• **What you are asked to do**: Please set down the data word for word; images do not go in the copy.

------ Information ------

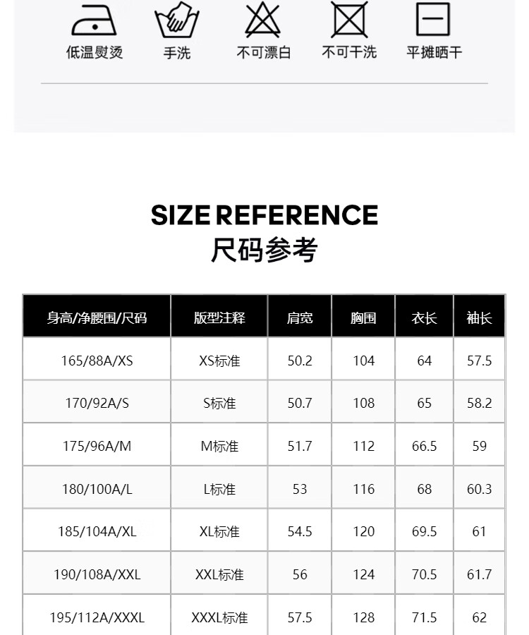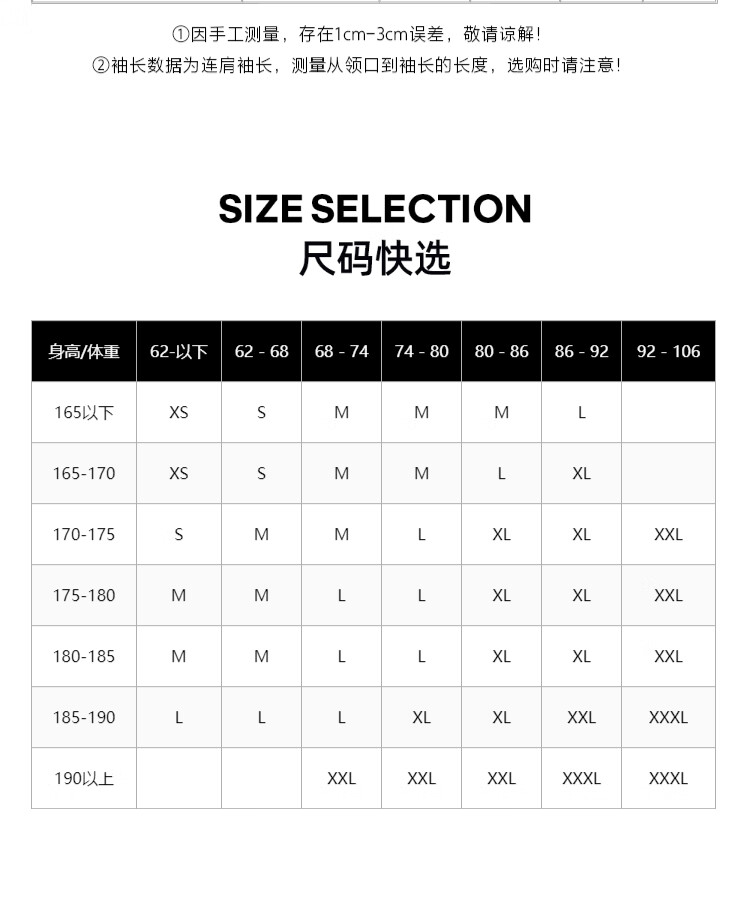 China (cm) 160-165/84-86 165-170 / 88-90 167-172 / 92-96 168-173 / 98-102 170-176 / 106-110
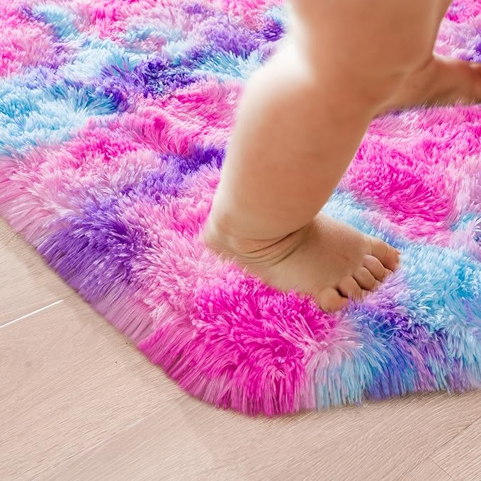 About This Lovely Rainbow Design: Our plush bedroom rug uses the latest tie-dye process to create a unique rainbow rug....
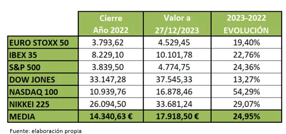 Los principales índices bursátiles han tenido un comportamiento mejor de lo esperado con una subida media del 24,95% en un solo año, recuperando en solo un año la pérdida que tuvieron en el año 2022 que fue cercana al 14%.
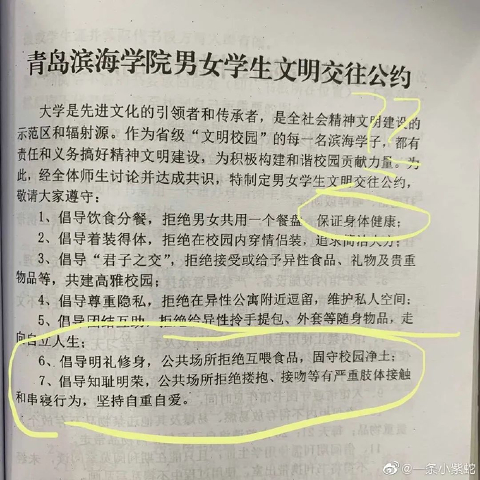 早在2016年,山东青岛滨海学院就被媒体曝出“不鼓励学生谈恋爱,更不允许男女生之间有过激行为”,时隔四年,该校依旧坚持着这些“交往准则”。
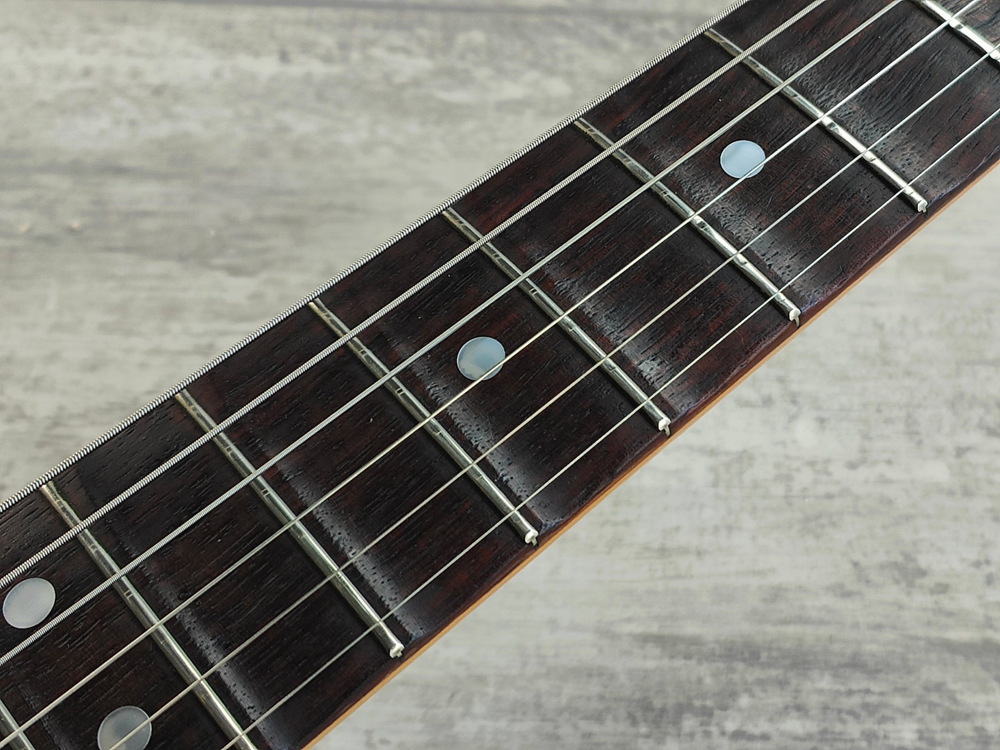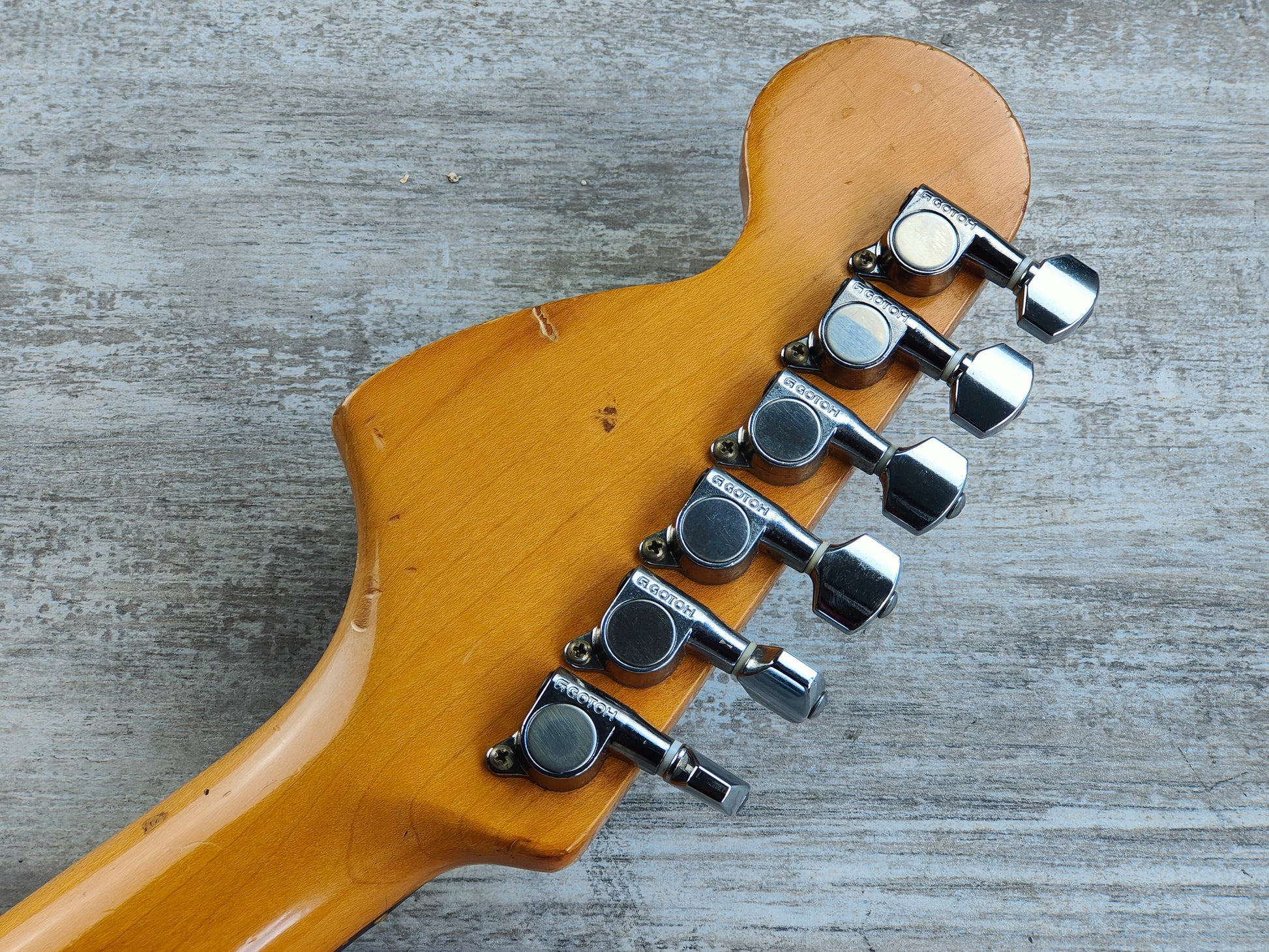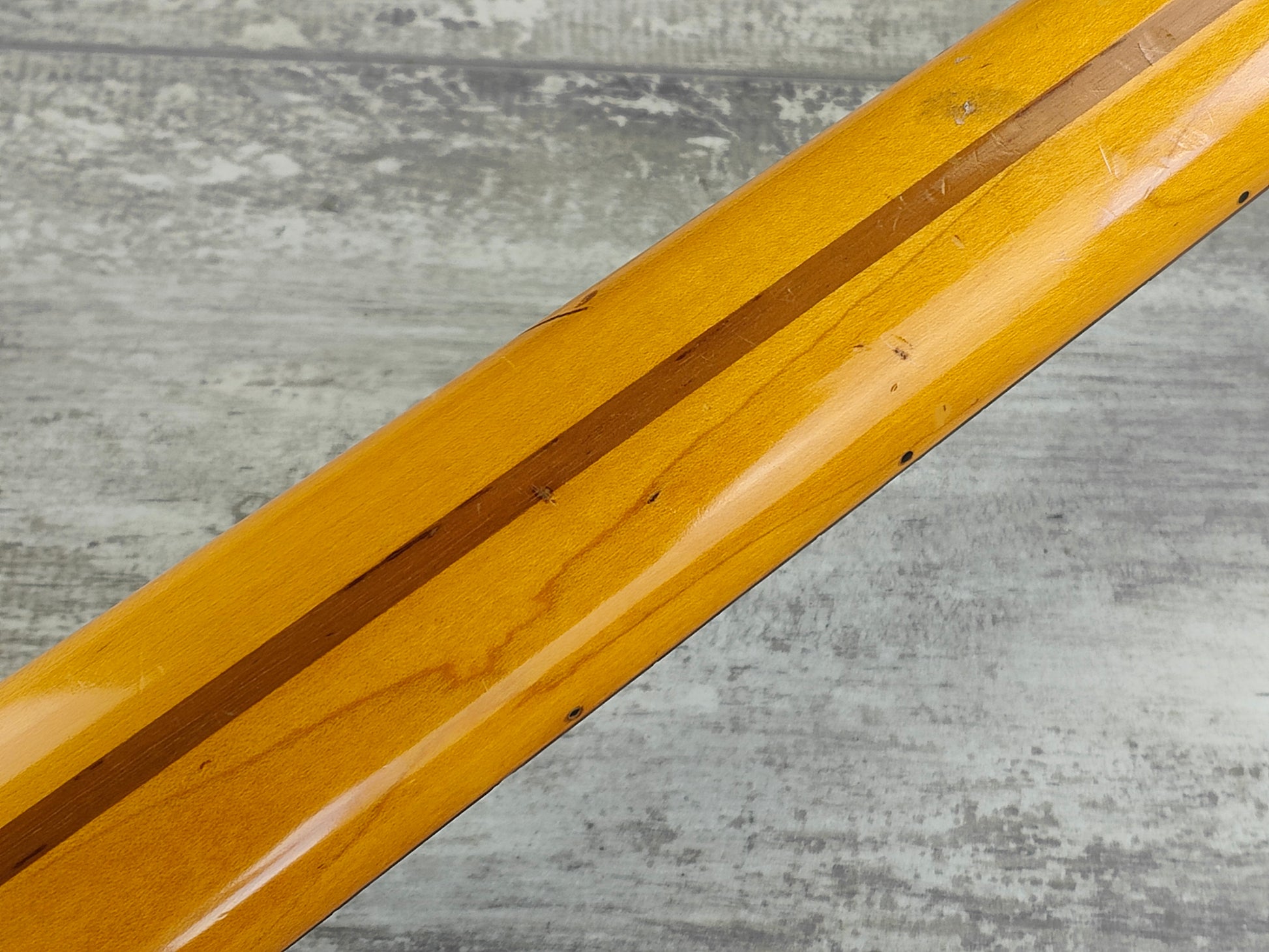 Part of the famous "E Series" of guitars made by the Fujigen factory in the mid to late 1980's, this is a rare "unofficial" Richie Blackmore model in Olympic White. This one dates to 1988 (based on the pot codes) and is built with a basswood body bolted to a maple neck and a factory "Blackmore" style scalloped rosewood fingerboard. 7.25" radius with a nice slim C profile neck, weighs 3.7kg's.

------

• **Reply to the task**:
 China (cm) 160-165/84-86 165-170 / 88-90 167-172 / 92-96 168-173 / 98-102 170-176 / 106-110
 About This Lovely Rainbow Design: Our plush bedroom rug uses the latest tie-dye process to create a unique rainbow rug....
 Los principales índices bursátiles han tenido un comportamiento mejor de lo esperado con una subida media del 24,95% en un solo año, recuperando en solo un año la pérdida que tuvieron en el año 2022 que fue cercana al 14%.
 早在2016年,山东青岛滨海学院就被媒体曝出“不鼓励学生谈恋爱,更不允许男女生之间有过激行为”,时隔四年,该校依旧坚持着这些“交往准则”。
 Part of the famous "E Series" of guitars made by the Fujigen factory in the mid to late 1980's, this is a rare "unofficial" Richie Blackmore model in Olympic White. This one dates to 1988 (based on the pot codes) and is built with a basswood body bolted to a maple neck and a factory "Blackmore" style scalloped rosewood fingerboard. 7.25" radius with a nice slim C profile neck, weighs 3.7kg's.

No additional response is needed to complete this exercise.